Macbeth

William Shakespeare
National Theatre of Scotland
Tramway Theatre, Glasgow

Alan Cumming in Macbeth Credit: National Theatre of Scotland
Alan Cumming in Macbeth Credit: National Theatre of Scotland
Alan Cumming in Macbeth Credit: National Theatre of Scotland

A one-man Macbeth set in a mental hospital sounds like an idea for the sort of Fringe show in which the performer may well outnumber the audience by the end of the show, but we are in Glasgow not Edinburgh and in the hands of a master of the stage. Alan Cumming pours everything into this huge tiled asylum, as he brings to life the different characters in an insanity that is disturbingly believable.

It is a really powerful experience, Cumming engages the whole time, jumping from one scene to the next in a very well streamlined version of Shakespeare's tragedy. There is already a recording and certainly if you closed your eyes it would still have been a great show, equally though you could plug your ears and Cumming's physical performance would tell the story too. He visibly jumps between the characters including the Macbeths in bed and makes use of the whole room, the beds, bath and mirror.
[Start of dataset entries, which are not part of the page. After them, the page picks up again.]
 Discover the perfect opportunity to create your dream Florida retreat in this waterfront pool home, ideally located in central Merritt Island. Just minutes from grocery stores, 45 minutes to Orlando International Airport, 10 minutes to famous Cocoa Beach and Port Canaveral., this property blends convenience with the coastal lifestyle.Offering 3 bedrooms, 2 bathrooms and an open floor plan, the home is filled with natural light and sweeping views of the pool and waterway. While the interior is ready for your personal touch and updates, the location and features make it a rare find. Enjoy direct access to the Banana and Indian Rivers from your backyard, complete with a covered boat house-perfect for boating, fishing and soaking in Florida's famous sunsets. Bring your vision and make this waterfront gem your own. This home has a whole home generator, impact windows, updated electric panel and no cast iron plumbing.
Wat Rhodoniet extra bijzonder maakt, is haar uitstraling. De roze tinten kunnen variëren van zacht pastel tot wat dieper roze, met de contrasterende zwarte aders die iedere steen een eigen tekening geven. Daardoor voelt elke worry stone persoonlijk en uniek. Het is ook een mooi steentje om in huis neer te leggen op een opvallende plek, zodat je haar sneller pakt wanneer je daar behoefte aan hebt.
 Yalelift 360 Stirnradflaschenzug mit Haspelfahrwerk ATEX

Cumming is a seductive entertainer but though there is some flirting and joking this doesn't diminish this very personal tragedy that unfolds on stage. There are some really shocking moments—the killing of MacDuff's family and the witches divining the future—of the sort that will colour your dreaming for some time to come.
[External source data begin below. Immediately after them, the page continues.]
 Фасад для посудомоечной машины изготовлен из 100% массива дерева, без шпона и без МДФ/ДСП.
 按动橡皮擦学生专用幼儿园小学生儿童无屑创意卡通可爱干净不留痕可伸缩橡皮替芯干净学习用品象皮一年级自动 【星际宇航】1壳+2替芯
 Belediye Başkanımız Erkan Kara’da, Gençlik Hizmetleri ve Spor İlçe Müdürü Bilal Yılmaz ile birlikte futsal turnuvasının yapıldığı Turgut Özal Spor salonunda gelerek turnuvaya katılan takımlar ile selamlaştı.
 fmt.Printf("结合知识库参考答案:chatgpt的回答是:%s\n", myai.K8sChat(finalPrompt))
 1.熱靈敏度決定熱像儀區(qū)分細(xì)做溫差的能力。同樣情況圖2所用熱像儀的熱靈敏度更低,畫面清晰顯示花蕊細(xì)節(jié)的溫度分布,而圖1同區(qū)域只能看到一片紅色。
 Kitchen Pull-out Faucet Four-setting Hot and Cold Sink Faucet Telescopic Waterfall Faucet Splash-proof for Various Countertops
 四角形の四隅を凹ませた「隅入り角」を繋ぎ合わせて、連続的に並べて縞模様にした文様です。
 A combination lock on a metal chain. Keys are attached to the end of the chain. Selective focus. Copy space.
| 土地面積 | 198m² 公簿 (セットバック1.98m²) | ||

It would be wrong to call it a one-man show as Cumming has the help not just of a doll and multiple video screens to bring the other characters alive, but also other actors playing the hospital staff, and, while Cumming has had to learn the bulk of Shakespeare, they get the occasional line. Mostly though they blend into the background, peering down through the viewing window. Myra McFadyen is especially creepy as she watches and takes notes.

Those offstage also add significantly to the show from the clever use of the three video screens to the moving score. It is involving to the point of being exhausting.
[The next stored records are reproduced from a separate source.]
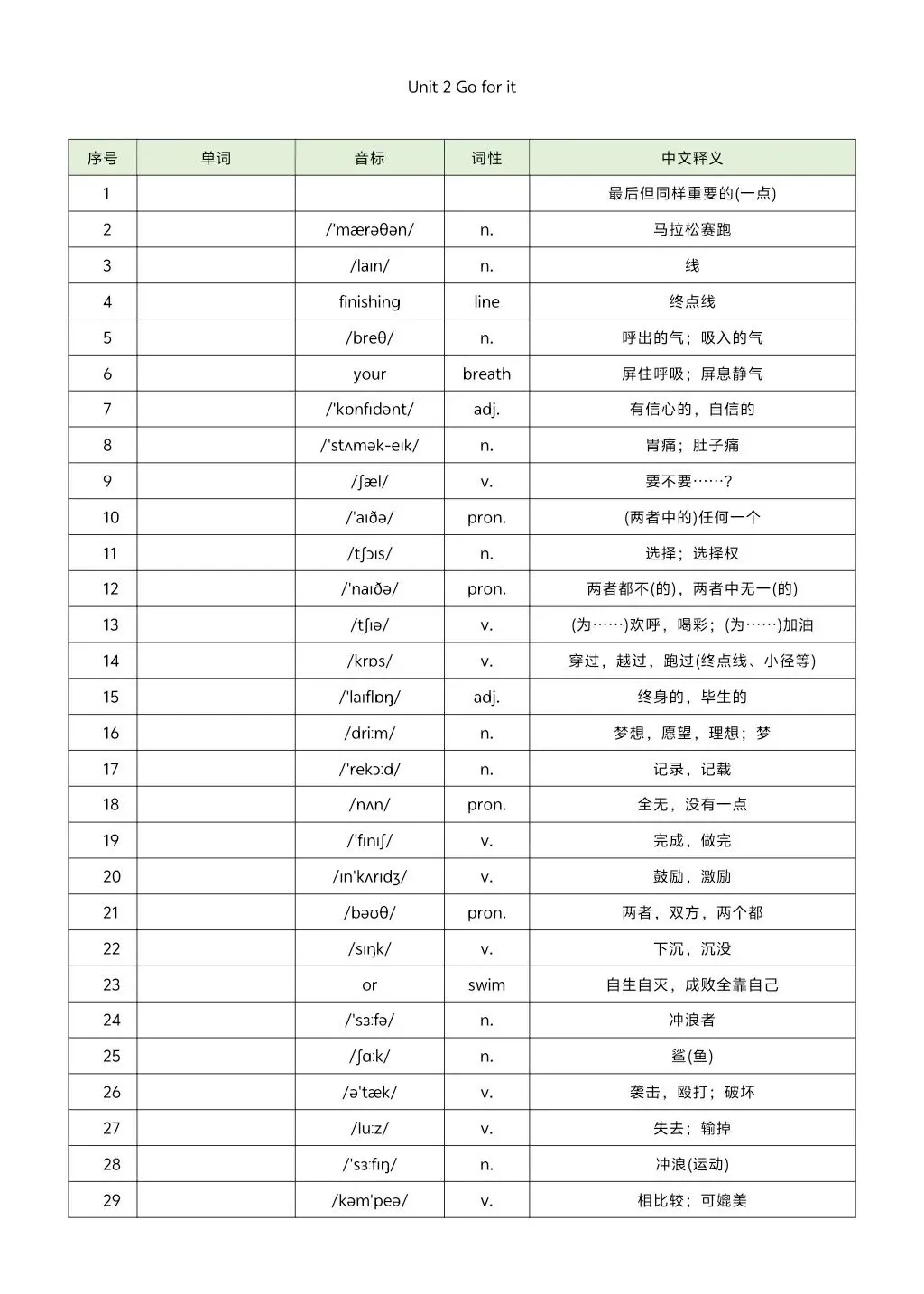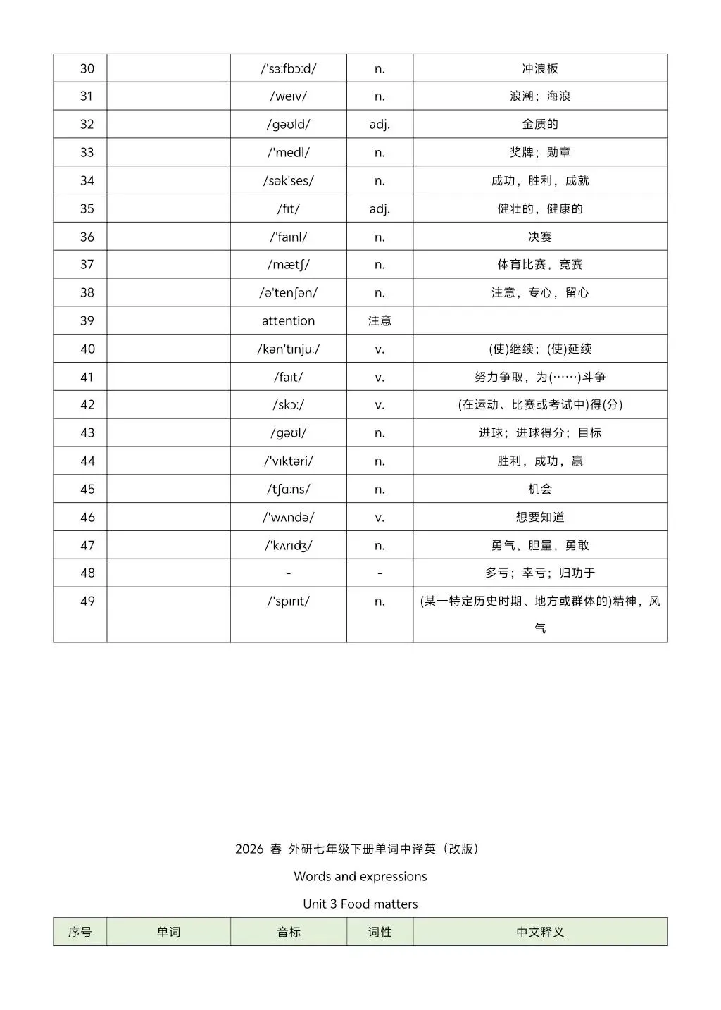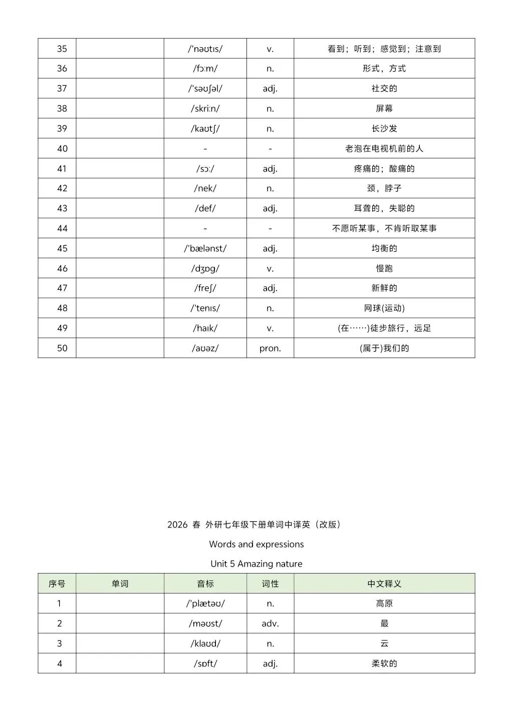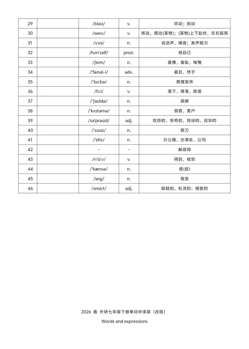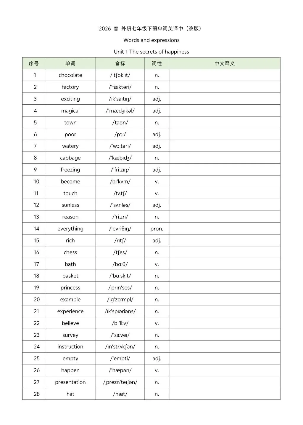 2026年七年级下册外研版英译汉汉译英单词 高清电子版可打印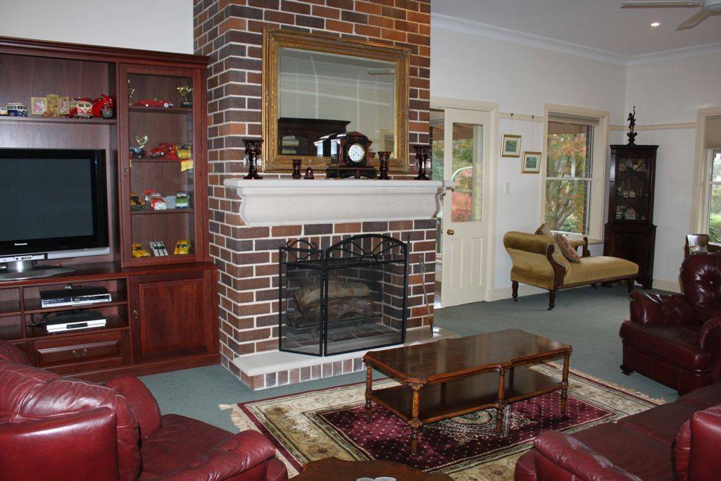* formal lounge & dining with open fire, sandstone mantle, French doors & large built-in wall unit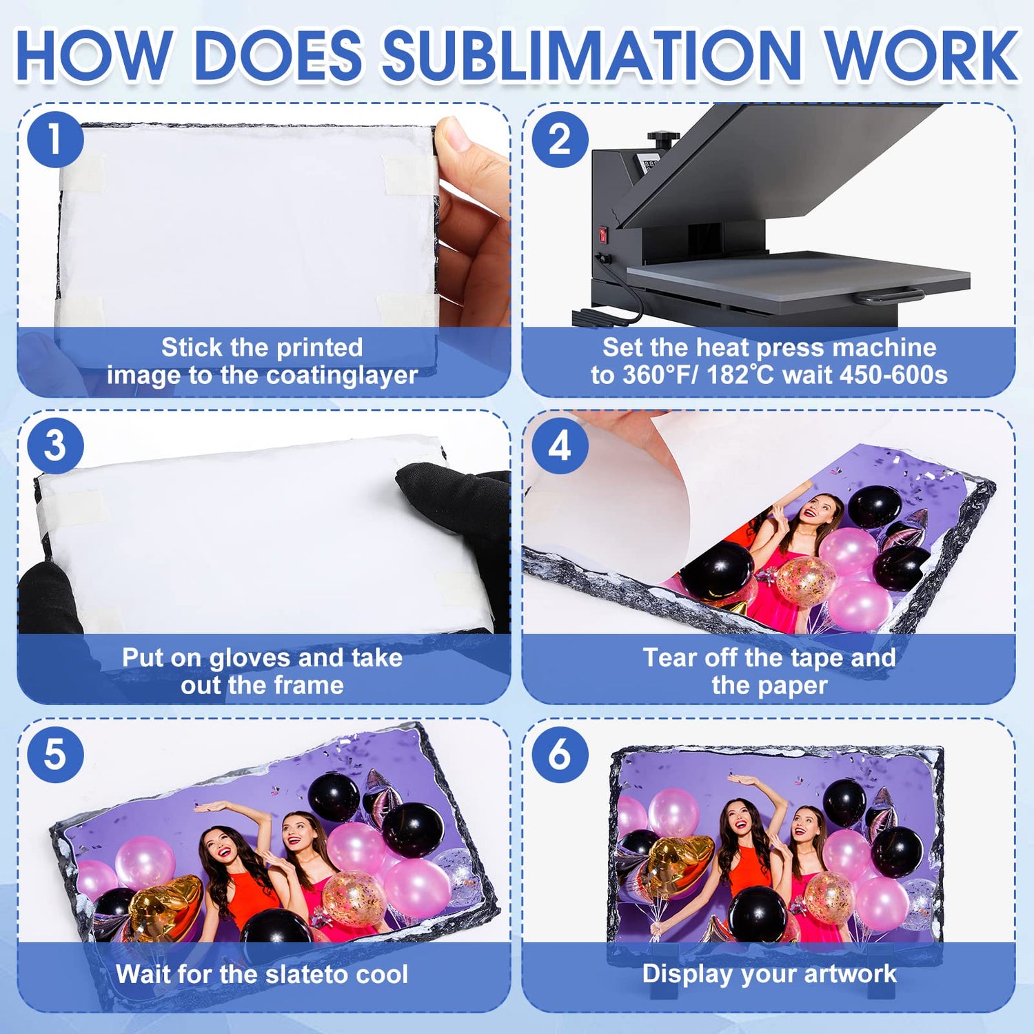 - Easy to Use: first you need to use thermal transfer tape to paste the printed graphics on the sublimation coating of the photo frame, then set the heat press to 360 degrees Fahrenheit/182 degrees Celsius, press and wait for 7-10 minutes, and finally wear glove on to remove the frame, then peel off the tape and paper to get your creation

Director John Tiffany's previous collaboration with Cumming for the National Theatre of Scotland, The Bacchae, was a good use of Cumming's talent, but was at times rather light and the jazzing up of the Greek tragedy rather jarring. Here however Cumming's talents are used to their full effect and Shakespeare's play is paid due homage with a setting that is in perfectly keeping with the characters' states of mind.

The Scottish Play achieves its gory, mad and terrifying potential through the blood, sweat and tears of one the top Scottish performers of today.